Key Takeaways
In the contest between proprietary and open-source AI, proponents of open models have gained an important endorsement: the White House.
Responding to President Biden’s Executive Order on AI safety , the Department of Commerce’s National Telecommunications and Information Administration (NTIA) issued policy recommendations on Tuesday, July 30, embracing AI openness. However, supporters of closed development argue that openness comes with its risks.
In its report , NTIA observed that AI with widely available model weights, which it refers to as open foundation models, can provide a variety of benefits:
“They diversify and expand the array of actors, including less resourced actors, that participate in AI research and development. They decentralize AI market control from a few large AI developers. And they enable users to leverage models without sharing data with third parties, increasing confidentiality and data protection.”
The agency’s findings echo arguments made by open-source AI developers, who have criticized the closed-off models built by Google and OpenAI for being opaque and open to manipulation.
“Open-source and open access are important for […] ideological and philosophical reasons at this stage in the rise of AI,” Livepeer CEO Doug Petkanics told CCN in an interview.
“The leaders in this space are Big Tech companies that are executing in a proprietary way, as is their right […] but it comes with some side effects. They get to inject their bias, they get to control their access, [and] set the pricing as well.”
For researchers, hobbyists and startups, this dependency on Big Tech AI can be a major constraint. But defenders of closed models argue that placing them in the public domain could be dangerous.
Ask ChatGPT how to make a bomb, and it will decline to answer, as it will for most obviously dangerous prompts. Without access to the back end of OpenAI’s models, malicious actors hoping to bypass safety filters have limited tools at their disposal.

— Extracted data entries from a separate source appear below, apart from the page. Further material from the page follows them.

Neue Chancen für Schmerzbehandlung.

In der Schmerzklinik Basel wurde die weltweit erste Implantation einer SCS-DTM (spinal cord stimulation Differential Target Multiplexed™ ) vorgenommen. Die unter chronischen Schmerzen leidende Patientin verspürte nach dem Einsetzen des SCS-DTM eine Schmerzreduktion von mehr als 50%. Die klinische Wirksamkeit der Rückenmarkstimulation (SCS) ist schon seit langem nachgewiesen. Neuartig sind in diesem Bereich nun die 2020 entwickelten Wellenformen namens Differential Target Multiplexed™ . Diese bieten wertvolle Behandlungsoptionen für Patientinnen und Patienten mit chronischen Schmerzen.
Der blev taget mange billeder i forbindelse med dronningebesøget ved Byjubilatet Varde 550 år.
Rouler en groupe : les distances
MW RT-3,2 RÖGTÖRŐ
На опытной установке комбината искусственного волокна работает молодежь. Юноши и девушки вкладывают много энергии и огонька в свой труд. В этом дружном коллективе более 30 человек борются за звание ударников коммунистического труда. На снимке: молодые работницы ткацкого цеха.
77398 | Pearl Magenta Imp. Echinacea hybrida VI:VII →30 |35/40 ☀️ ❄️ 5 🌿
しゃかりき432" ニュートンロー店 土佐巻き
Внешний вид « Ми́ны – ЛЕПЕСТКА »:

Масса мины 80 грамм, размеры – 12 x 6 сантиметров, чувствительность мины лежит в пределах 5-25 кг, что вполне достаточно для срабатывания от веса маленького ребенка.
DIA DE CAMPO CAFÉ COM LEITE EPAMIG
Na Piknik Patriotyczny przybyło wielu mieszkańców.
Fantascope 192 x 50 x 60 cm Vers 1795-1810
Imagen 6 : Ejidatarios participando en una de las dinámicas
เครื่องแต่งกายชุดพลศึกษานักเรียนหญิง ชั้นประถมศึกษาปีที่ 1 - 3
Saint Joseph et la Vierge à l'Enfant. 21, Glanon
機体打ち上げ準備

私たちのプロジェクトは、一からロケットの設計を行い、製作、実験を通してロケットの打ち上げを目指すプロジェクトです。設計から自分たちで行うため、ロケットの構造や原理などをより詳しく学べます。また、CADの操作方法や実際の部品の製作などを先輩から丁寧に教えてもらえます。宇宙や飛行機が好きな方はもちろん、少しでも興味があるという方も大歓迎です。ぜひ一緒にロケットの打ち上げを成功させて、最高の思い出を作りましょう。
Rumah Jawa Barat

However, the same isn’t true for freely programmable open-source models, while LLMs like Hugging Face’s Falcon don’t even have traditional AI guardrails to begin with.
Open-source models have already been used to create chatbots optimized for crime. For example, WormGPT and FraudGPT are two modified versions of the GPTJ language model trained on large quantities of malware data.
Meanwhile, malicious instances of AI image generators, including nudify apps and tools for generating deepfake child abuse imagery, almost exclusively use the open-source Stable Diffusion model.
Although it acknowledges the risks of existing open foundation models, the NTIA report concludes that they don’t justify imposing restrictions on the technology. However, it maintains that more powerful future models may require regulatory intervention and recommends that the federal government adopt a monitoring framework to inform its response going forward.
Alongside potential dangers, the agency also found that open foundation models could have important safety benefits compared to their closed peers.
In the tradition of open-source software, advocates of making AI model weights freely available argue that the benefits of transparency and community-driven oversight outweigh safety risks.
Upon releasing Llama-2 last year, Meta declared : “We believe it’s safer,” noting that opening access means developers and researchers can stress test models, identifying issues more effectively than internal tests would be able to.
“By seeing how these tools are used by others, our own teams can learn from them, improve those tools, and fix vulnerabilities,” the firm said in a statement.
This emphasis on community oversight is echoed by many prominent AI experts.
Open-source models “can be interrogated, scrutinized, and evaluated by anyone, without needing to seek approval from a central decision-maker,” observed one paper authored by leading researchers in the field. “This empowers developers […] encouraging a culture of contribution and accountability.”
Finally, the study observed that proprietary AI can also be abused. “It is not clear that closed models are definitively ‘safer’ than open-source models,” they stated. As such, they called for a more nuanced understanding of the relative strengths and weaknesses of different approaches.